Below are records to give again exactly; omit each image they contain.

MATERIALS PROVIDED below:

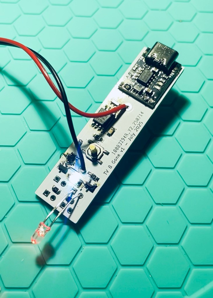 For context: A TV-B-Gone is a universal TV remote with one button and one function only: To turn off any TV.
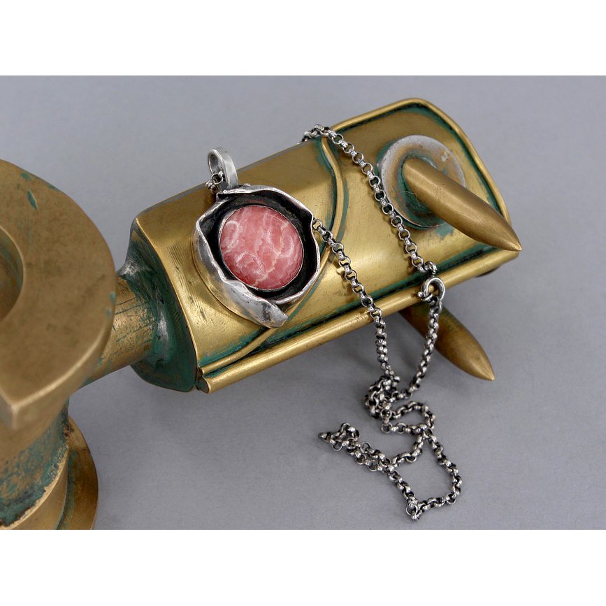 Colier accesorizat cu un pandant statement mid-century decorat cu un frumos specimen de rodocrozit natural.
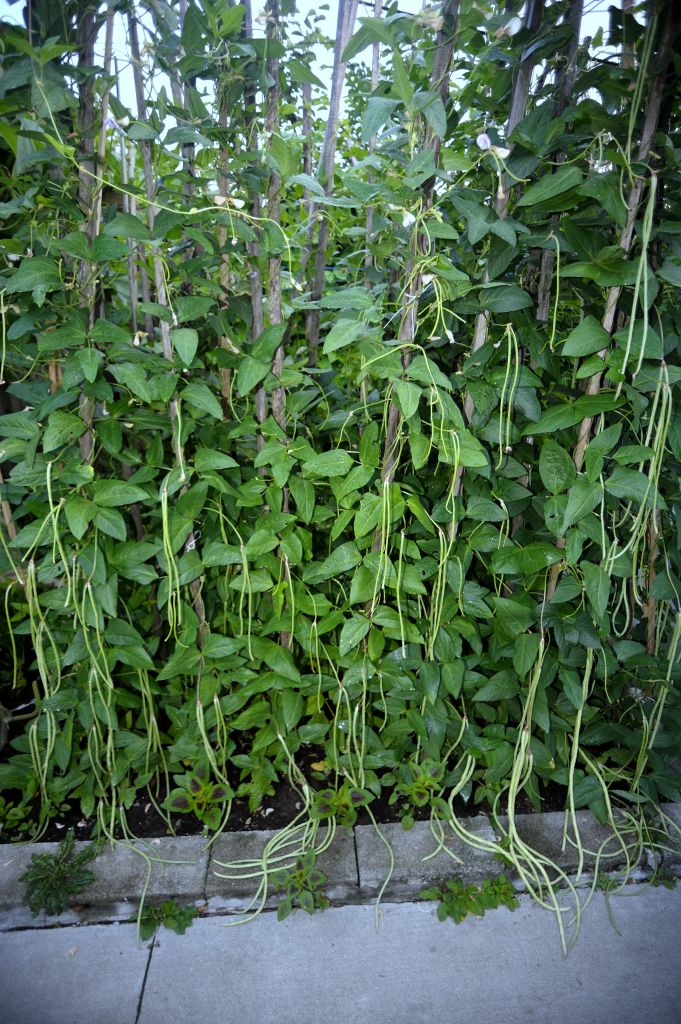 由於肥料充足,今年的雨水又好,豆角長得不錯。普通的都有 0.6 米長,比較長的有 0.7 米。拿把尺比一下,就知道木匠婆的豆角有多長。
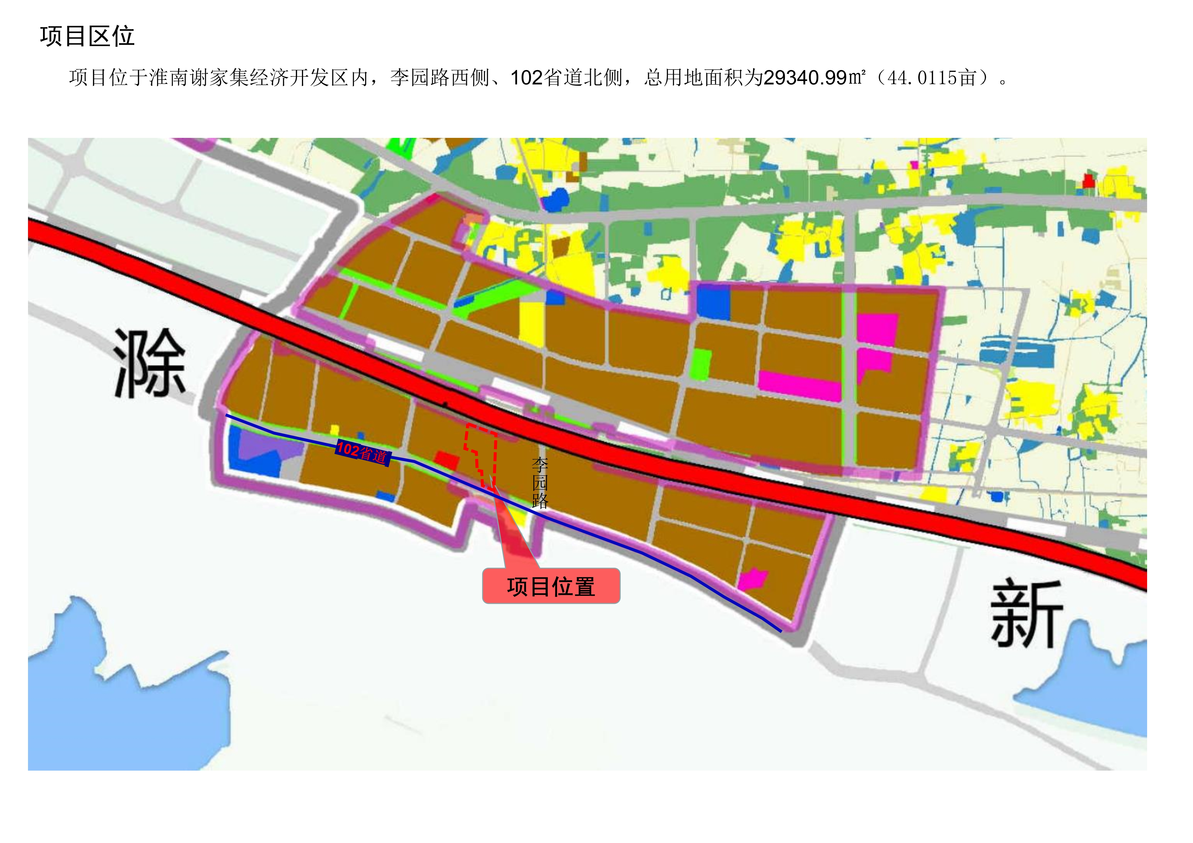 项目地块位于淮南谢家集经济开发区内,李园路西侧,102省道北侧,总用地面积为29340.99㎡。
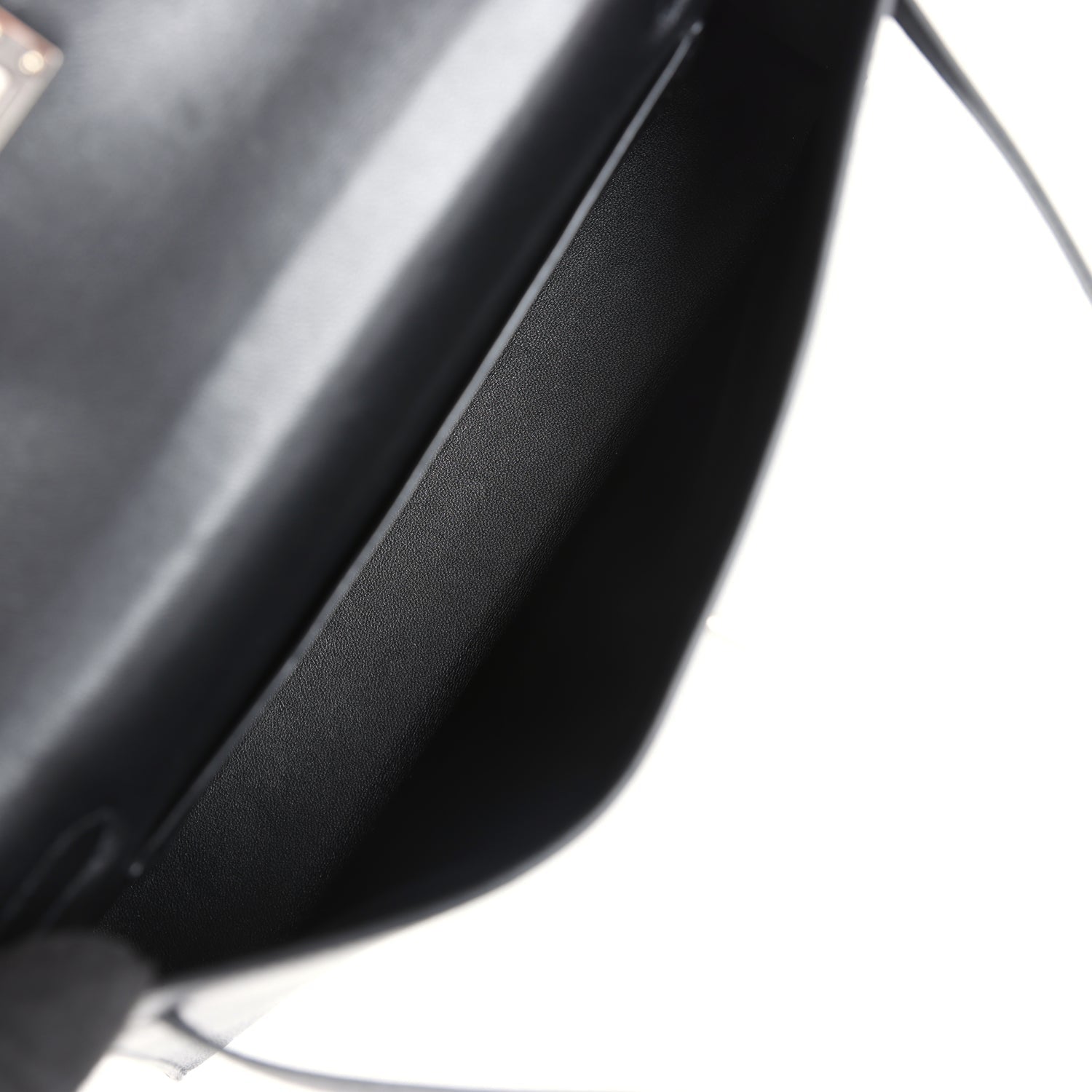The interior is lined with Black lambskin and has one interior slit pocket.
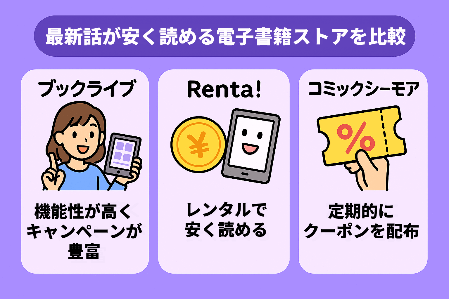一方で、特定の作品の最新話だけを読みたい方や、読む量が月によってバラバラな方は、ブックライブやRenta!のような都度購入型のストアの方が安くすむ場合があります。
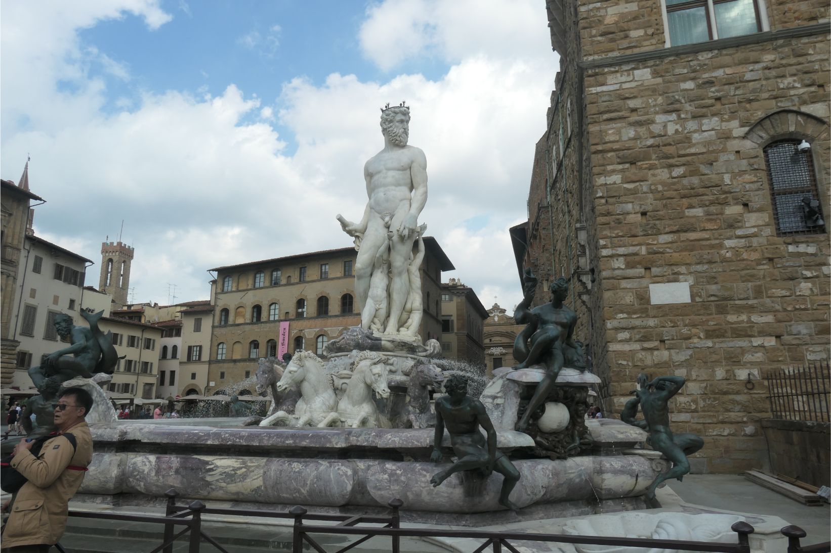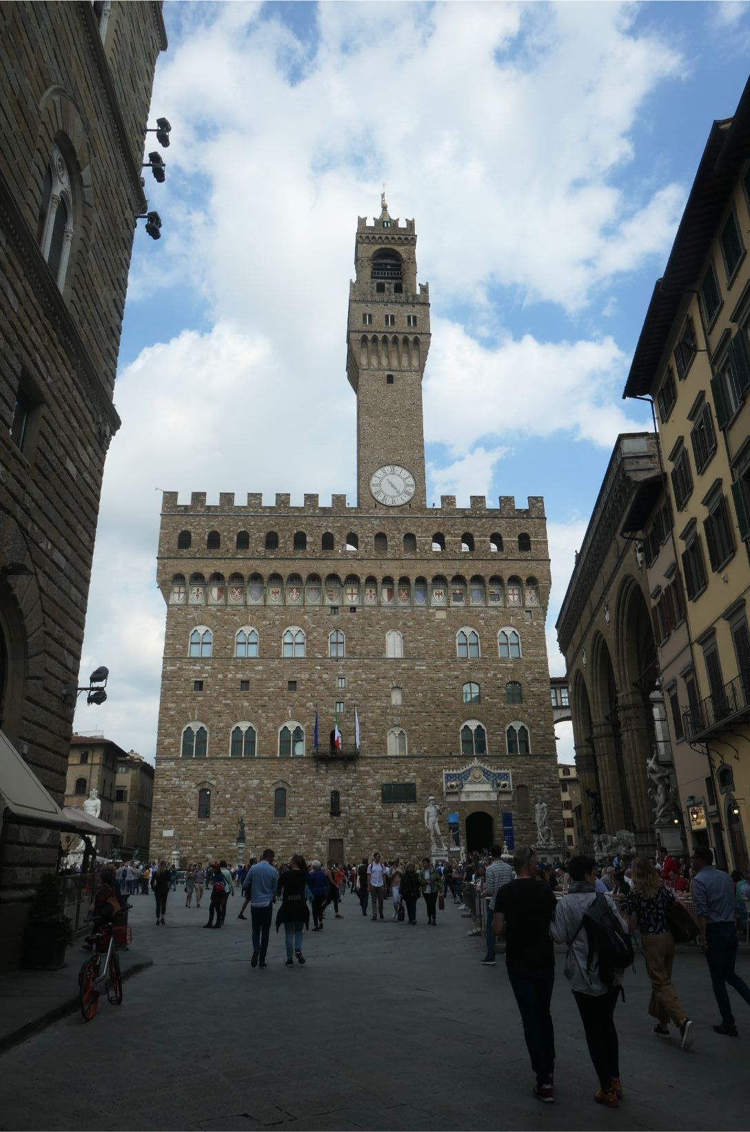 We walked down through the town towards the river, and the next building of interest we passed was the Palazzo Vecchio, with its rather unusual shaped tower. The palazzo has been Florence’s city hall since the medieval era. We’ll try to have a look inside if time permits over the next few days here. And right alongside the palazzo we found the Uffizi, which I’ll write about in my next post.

End of MATERIALS PROVIDED.

## TASK ANSWER
 For context: A TV-B-Gone is a universal TV remote with one button and one function only: To turn off any TV.
 Colier accesorizat cu un pandant statement mid-century decorat cu un frumos specimen de rodocrozit natural.
 由於肥料充足,今年的雨水又好,豆角長得不錯。普通的都有 0.6 米長,比較長的有 0.7 米。拿把尺比一下,就知道木匠婆的豆角有多長。
 项目地块位于淮南谢家集经济开发区内,李园路西侧,102省道北侧,总用地面积为29340.99㎡。
The interior is lined with Black lambskin and has one interior slit pocket.
一方で、特定の作品の最新話だけを読みたい方や、読む量が月によってバラバラな方は、ブックライブやRenta!のような都度購入型のストアの方が安くすむ場合があります。
 We walked down through the town towards the river, and the next building of interest we passed was the Palazzo Vecchio, with its rather unusual shaped tower. The palazzo has been Florence’s city hall since the medieval era. We’ll try to have a look inside if time permits over the next few days here. And right alongside the palazzo we found the Uffizi, which I’ll write about in my next post.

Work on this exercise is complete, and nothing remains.